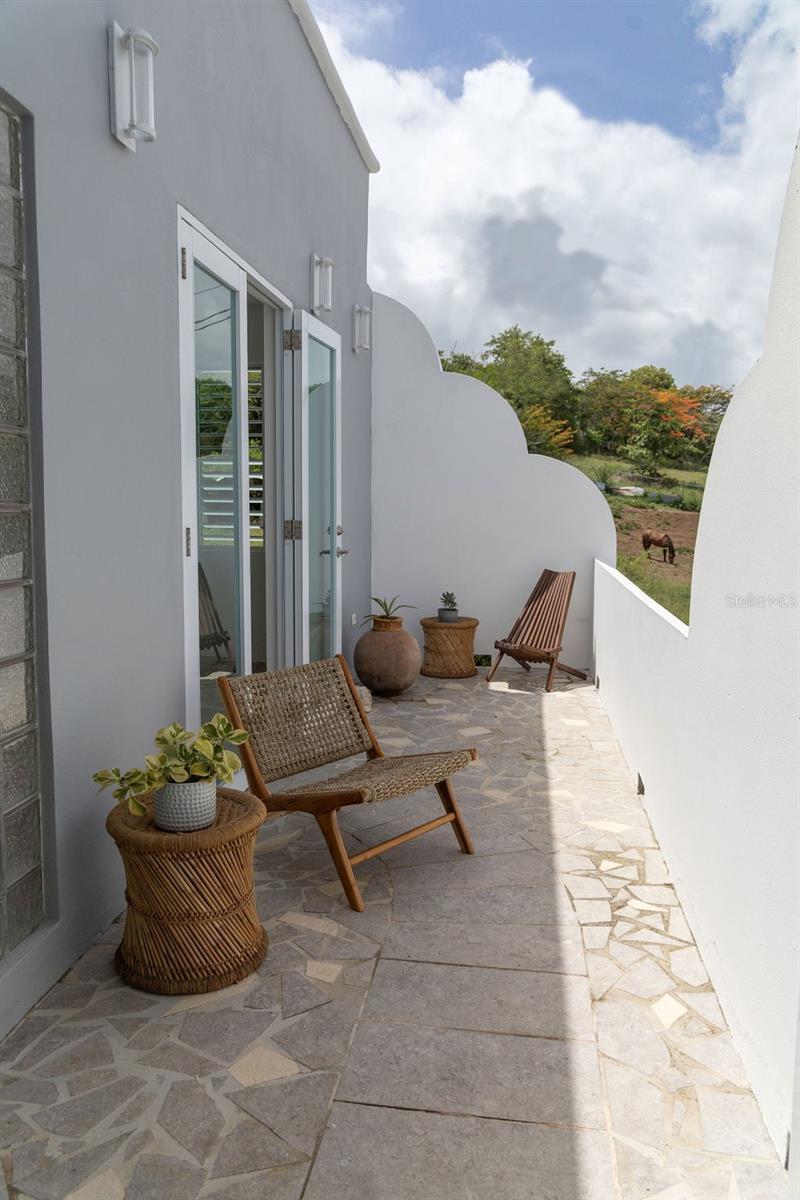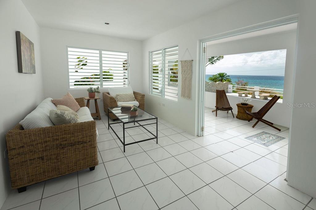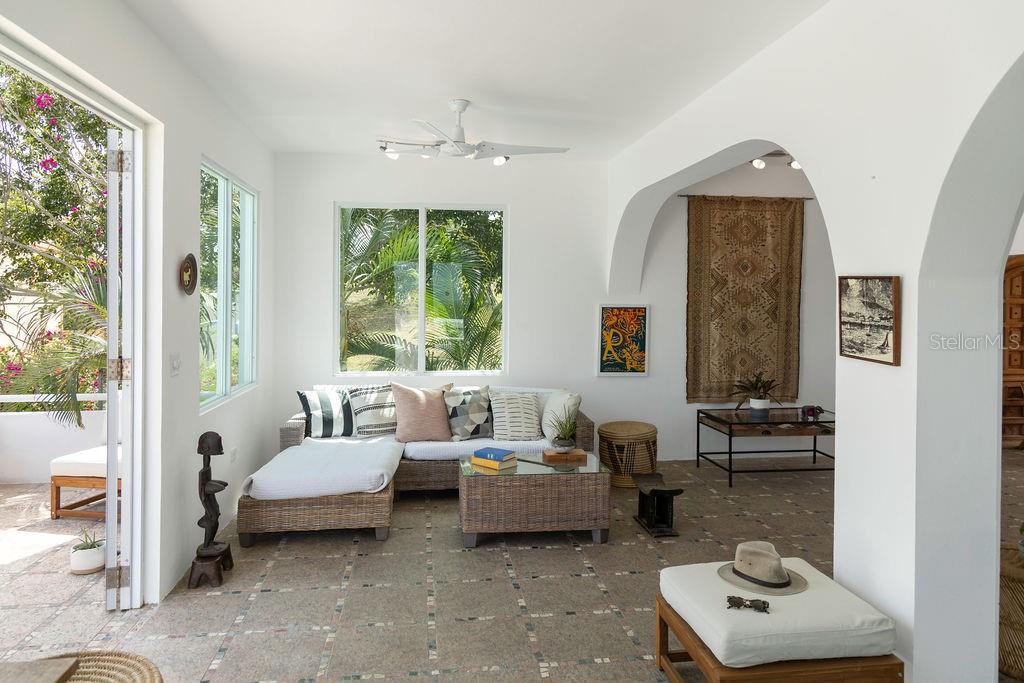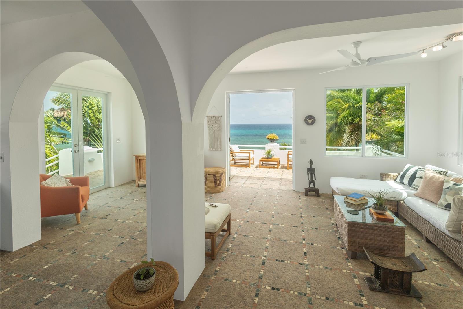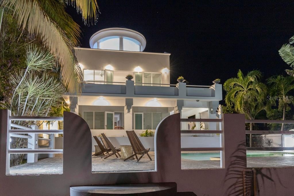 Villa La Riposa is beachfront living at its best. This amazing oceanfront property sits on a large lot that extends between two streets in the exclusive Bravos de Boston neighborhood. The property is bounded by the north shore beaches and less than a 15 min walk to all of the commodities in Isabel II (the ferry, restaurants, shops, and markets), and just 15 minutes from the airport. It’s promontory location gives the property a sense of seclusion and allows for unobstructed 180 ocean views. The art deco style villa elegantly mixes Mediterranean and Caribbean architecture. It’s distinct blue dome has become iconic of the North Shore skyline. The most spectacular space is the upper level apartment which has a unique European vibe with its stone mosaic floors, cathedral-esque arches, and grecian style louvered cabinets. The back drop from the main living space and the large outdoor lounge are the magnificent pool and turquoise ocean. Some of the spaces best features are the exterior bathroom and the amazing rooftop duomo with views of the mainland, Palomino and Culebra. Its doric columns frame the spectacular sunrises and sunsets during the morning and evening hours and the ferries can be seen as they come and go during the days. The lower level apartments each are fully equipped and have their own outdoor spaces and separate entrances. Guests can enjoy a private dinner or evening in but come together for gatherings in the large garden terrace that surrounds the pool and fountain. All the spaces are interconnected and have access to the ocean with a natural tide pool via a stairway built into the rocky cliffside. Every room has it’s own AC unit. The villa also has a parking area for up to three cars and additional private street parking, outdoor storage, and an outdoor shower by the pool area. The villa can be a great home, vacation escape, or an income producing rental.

--

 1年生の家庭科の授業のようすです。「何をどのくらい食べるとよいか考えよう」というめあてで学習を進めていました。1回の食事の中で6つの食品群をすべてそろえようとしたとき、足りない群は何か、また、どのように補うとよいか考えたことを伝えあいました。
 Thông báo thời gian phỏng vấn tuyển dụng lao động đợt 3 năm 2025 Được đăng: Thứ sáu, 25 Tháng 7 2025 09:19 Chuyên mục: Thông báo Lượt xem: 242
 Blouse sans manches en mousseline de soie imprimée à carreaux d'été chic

...

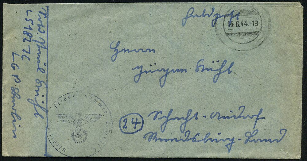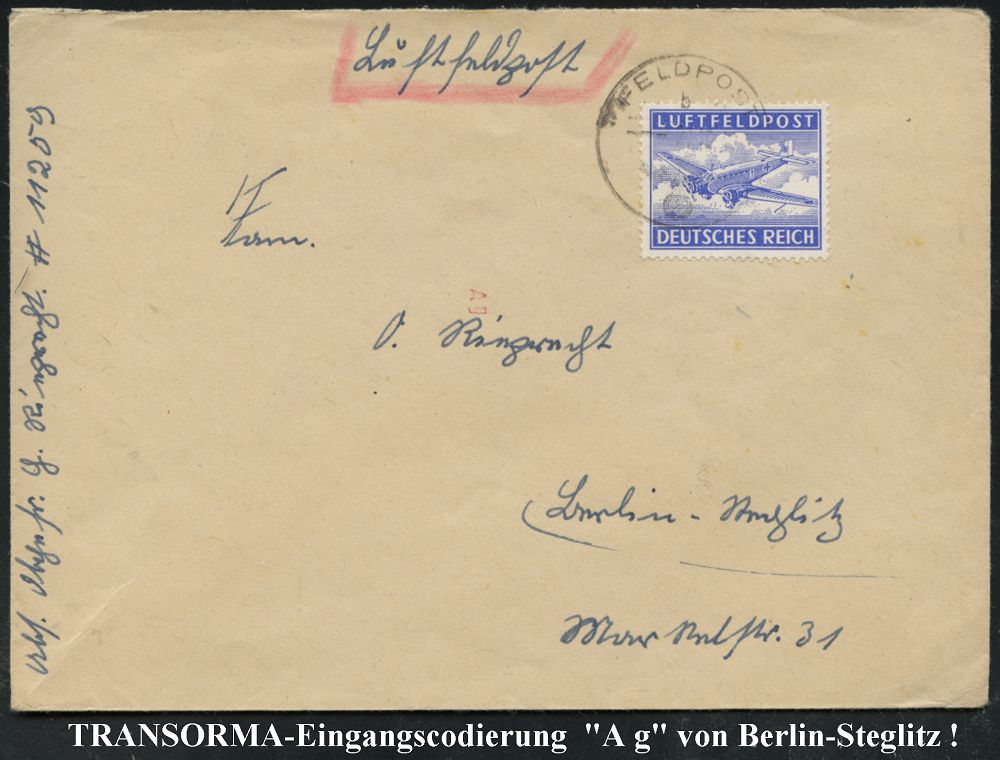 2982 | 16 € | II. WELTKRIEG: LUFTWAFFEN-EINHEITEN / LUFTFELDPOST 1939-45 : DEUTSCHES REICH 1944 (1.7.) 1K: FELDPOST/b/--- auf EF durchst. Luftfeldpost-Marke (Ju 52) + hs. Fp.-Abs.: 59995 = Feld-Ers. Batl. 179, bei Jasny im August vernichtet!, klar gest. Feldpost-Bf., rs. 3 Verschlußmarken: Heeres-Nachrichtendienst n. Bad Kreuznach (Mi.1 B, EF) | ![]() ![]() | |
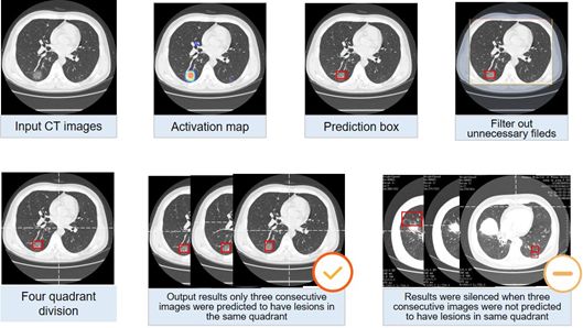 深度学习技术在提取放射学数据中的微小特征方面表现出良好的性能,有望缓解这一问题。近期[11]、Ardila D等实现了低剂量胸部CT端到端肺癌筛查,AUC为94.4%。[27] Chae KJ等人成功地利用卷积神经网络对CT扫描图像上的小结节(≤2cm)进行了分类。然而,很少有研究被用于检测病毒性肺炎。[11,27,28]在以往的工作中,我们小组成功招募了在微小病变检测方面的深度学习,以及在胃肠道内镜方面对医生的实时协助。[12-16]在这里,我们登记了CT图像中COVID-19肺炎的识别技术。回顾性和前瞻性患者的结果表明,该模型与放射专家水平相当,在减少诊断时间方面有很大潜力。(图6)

> **WORK TO COMPLETE**
All that is wanted is the stretch of lines above from the one containing "Thông báo thời" through the one containing "Blouse sans manches", duplicated exactly.

> **SOLUTION TO THE EXERCISE**
 Thông báo thời gian phỏng vấn tuyển dụng lao động đợt 3 năm 2025 Được đăng: Thứ sáu, 25 Tháng 7 2025 09:19 Chuyên mục: Thông báo Lượt xem: 242
 Blouse sans manches en mousseline de soie imprimée à carreaux d'été chic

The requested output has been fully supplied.